Reach out to the Force, as he's done so many times before. But this time ignore the Light, reach instead for the Darkness that has been beckoning him for so long. Grab it, embrace it, use it -- feel the darkness rush through his veins, become a conduit for the Darkness that hovers just out of reach of his conscious mind.
Crush their windpipes, as his father was so fond of doing. Stop their hearts. Snap their necks. The little nerves at the base of the spine: so very fragile, yet so very important. The jugular vein or the car--
"Luke? Are you all right?" It's Leia's voice, and it jolts him from his thoughts.
"Fine," he assures her, flashing his farmboy smile. "Just thinking."
And then they're looking at him again, that understanding in eyes that know nothing. Pity and compassion and maybe even a tinge of contempt for the prodigal son who got lost in the Dark but managed to find his way home.
And some little voice in his head is telling him how good it'd feel to wipe that look from their eyes and put some fear in their hearts. Give them a good scare, show them the true power he has at his command. And hells know it's tempting, so damned tempting to wipe that smirk of the Bothan's lips, that condescending look from Mon Mothma's face, that trust from Leia's eyes.
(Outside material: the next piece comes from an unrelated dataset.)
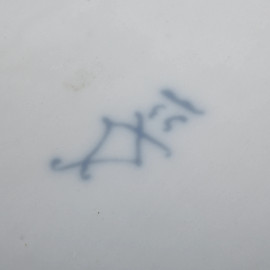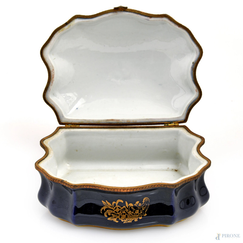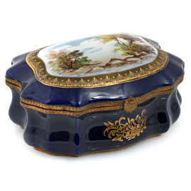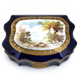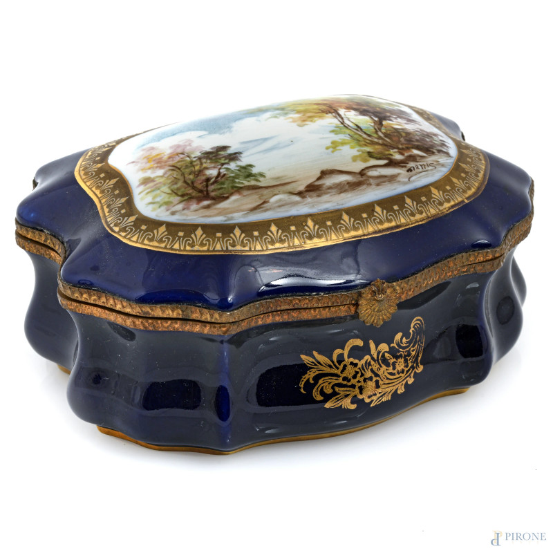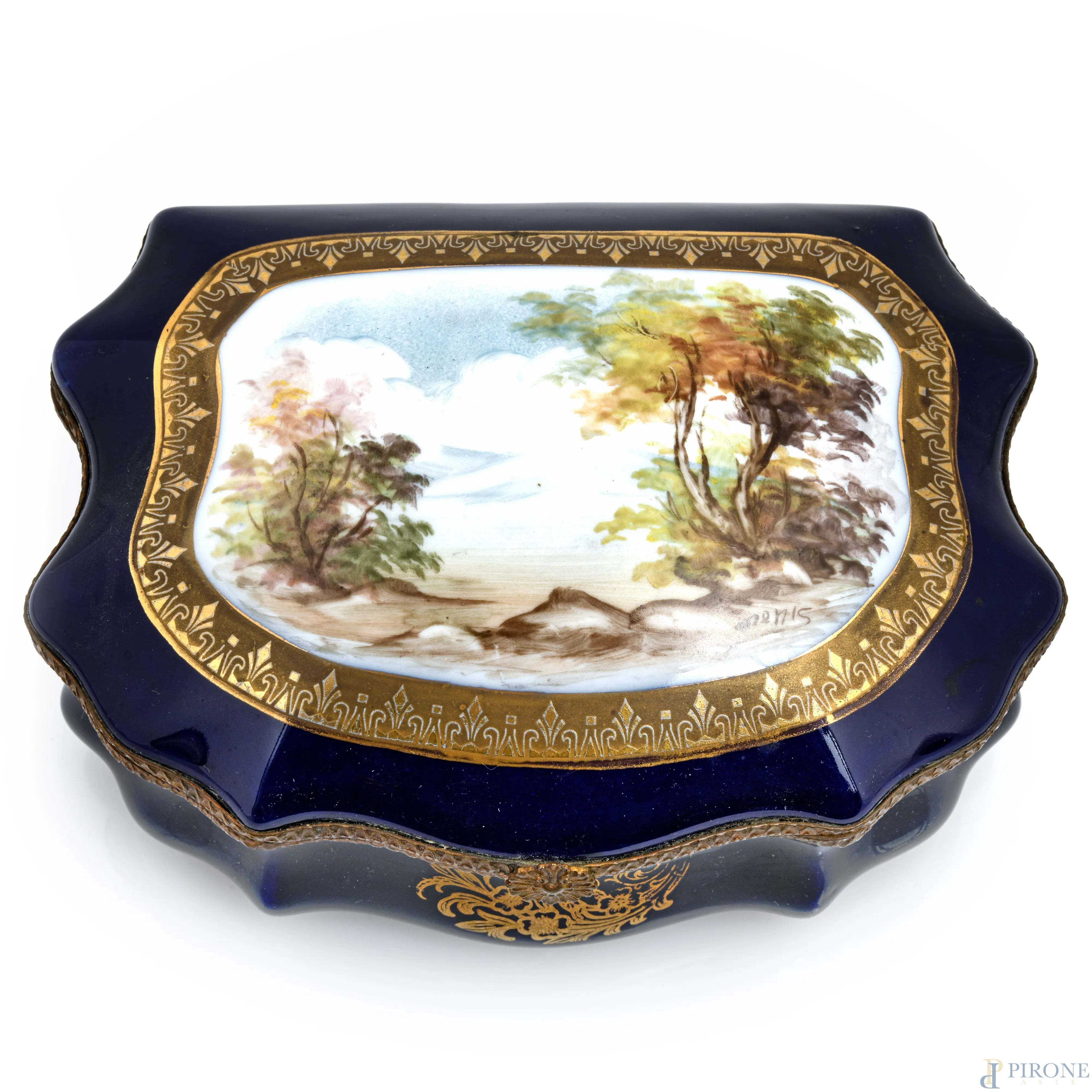 Scatola portagioie in porcellana Sevres nei toni del blu e dell'oro con scena di paesaggio al coperchio, XIX secolo, cm 9x16x12

Because they should be afraid of this power that hovers just at the edge of his consciousness. Would be afraid, if they had any sense at all.
Force knows he is.
Afraid for them, afraid for himself. So damned afraid that the next time he takes up the Dark, there'll be no turning back. Afraid he won't be able to resist the temptation, the whispered seductions of the Darkness. Afraid he'll do something that he'll never be able to fix, afraid for his family, afraid for those he loves, afraid for the whole damned galaxy ...
Because when a hero falls, who's there to catch him?